Mas também não podemos negar que o aumento da violência, que está claramente enraizado em desigualdades gritantes e na destruição das economias locais pelo neoliberalismo, é cada vez mais um problema em muitos países. O neoliberalismo expulsou grande parte das classes trabalhadoras da sociedade, alimentando gangues, quadrilhas e, por fim, o crime organizado, com um número infinito de homens e mulheres que não conhecem outras opções. Essa situação sequestrou qualquer possibilidade de democracia e favoreceu a disseminação do populismo punitivo, do qual o exemplo de Bukele é paradigmático.

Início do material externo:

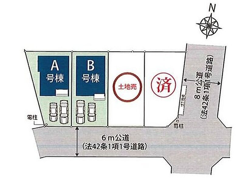 | 駐車場 | 2台 | 道路の幅員 | 道路幅:6m・8m、アスファルト舗装、南側6m公道、東側8m公道 |
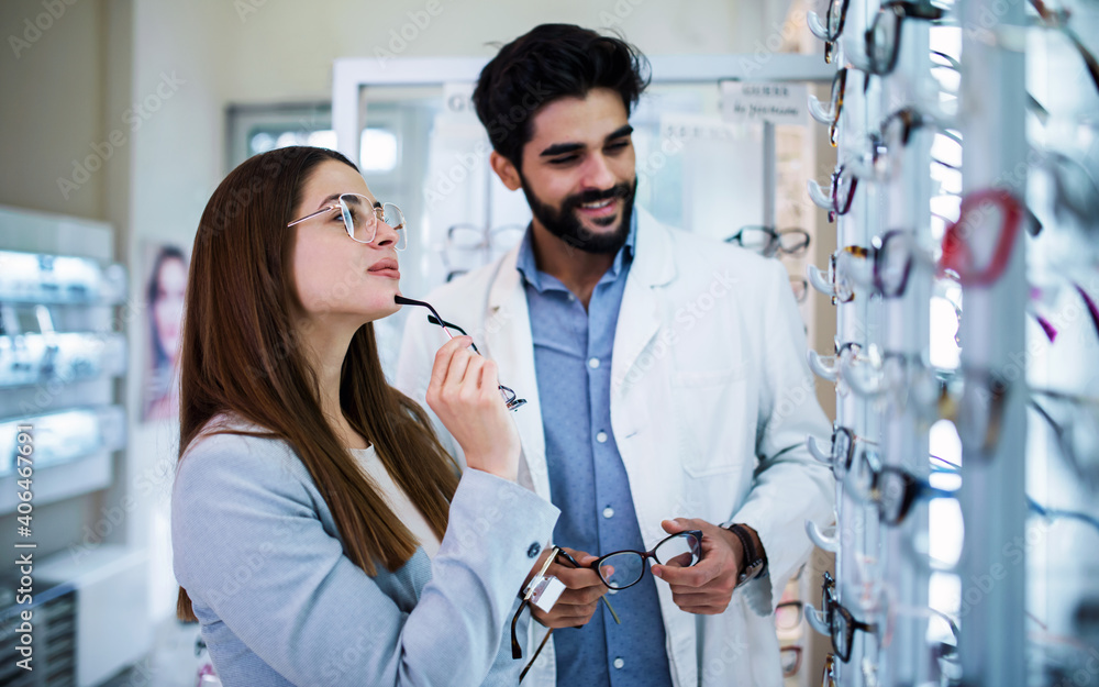 Young woman in optic store choosing a new glasses. Medical, health care concept
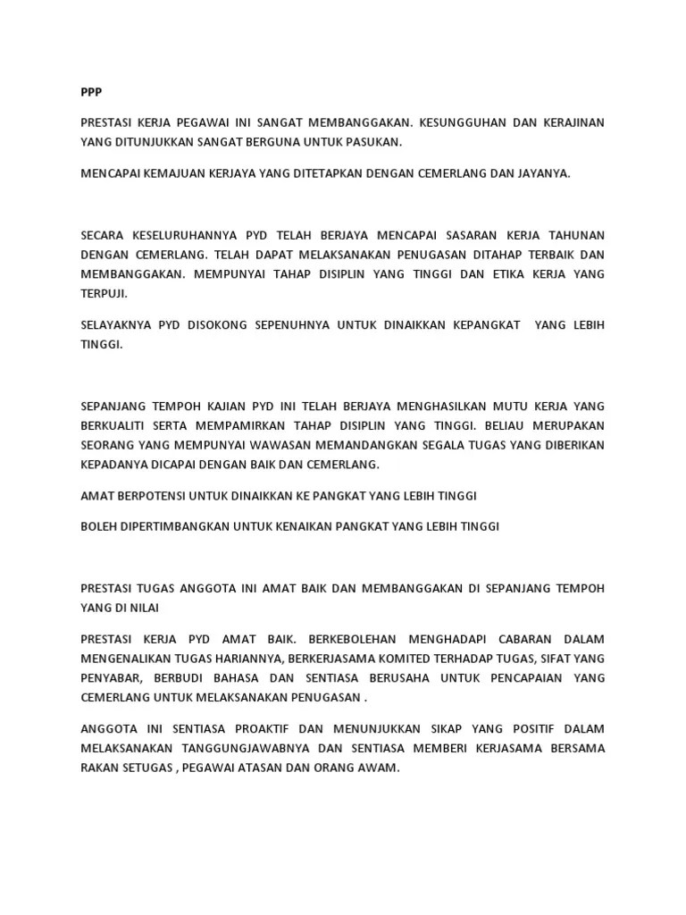 Kemajuan kerjaya contoh ayat ulasan penilaian prestasi kerja ppp . Panduan penilaian prestasi kakitangan awam. Kemajuan kerjaya ulasan contoh komen penilaian prestasi kerja.

Nesse sentido, o discurso do compartilhamento da riqueza, da eliminação das desigualdades e do aumento do estado social é fundamental para encontrar qualquer solução de médio prazo. Mas, a curto prazo, isso pode parecer irrealista em termos de enfrentamento dos problemas de violência que a comunidade realmente sofre diariamente. O desafio da esquerda é apresentar à sociedade alternativas confiáveis para o enfrentamento da violência estrutural que mostrem um caminho diferente do populismo punitivo de Bukele. Uma solução que deve envolver a colocação em prática de modelos de segurança comunitária, como, por exemplo, em algumas regiões do México ou do Equador. Em face da crescente violência estrutural, pensar em modelos de segurança comunitária torna-se um elemento central, não apenas para combater a violência, mas também para reconstruir os laços comunitários. Só poderemos derrotar o fenômeno Bukele se nos tornarmos uma alternativa confiável às suas propostas autoritárias.
Notas
[1] A contagem foi controversa. Quando as seções eleitorais começaram a registrar os resultados na noite da eleição, a plataforma caiu. Com 70% dos votos presidenciais e 5% dos resultados legislativos registrados, o Supremo Tribunal Eleitoral declarou que a contagem preliminar havia falhado. As acusações de fraude aumentaram exponencialmente, sem mencionar a falta de garantias nos procedimentos on-line no exterior ou a possibilidade de votar com documentação vencida dentro e fora do país.
[2]https://elfaro.net/es/201812/ef_foto/22762/El-ungido.htm
[3]https://www.lamalafe.lat/los-pastores-de-trump-tambien-tientan-a-nayib-bukele/
[4]https://elfaro.net/es/201908/internacionales/23554/L%C3%ADderes-evang%C3%A9licos-amparados-por-la-Casa-Blanca-exportan-agenda-fundamentalista-a-Am%C3%A9rica-Latina.htm
[5]https://mundo.sputniknews.com/america-latina/202004281091253956-pandilleros-presos-en-el-salvador-permaneceran-en-celdas-selladas-y-junto-a-rivales–fotos/
[6] “La trampa neoliberal: ¿Individuos violentos o situaciones violentas?”, El faro académico, 15 de junio de 2023, https://elfaro.net/es/201503/academico/16717/La-trampa-neoliberal-%C2%BFIndividuos-violentos-o-situaciones-violentas.htm
[7]https://elpais.com/america/2024-02-05/bukele-reelecto-la-victoria-de-la-violencia.html
[8] Fonte: Observatório Universitário de Direitos Humanos (OUDH) da Universidade Centro-Americana (UCA). De acordo com o OUDH, o aumento no número de desaparecimentos de jovens coincide com o mandato presidencial de Bukele.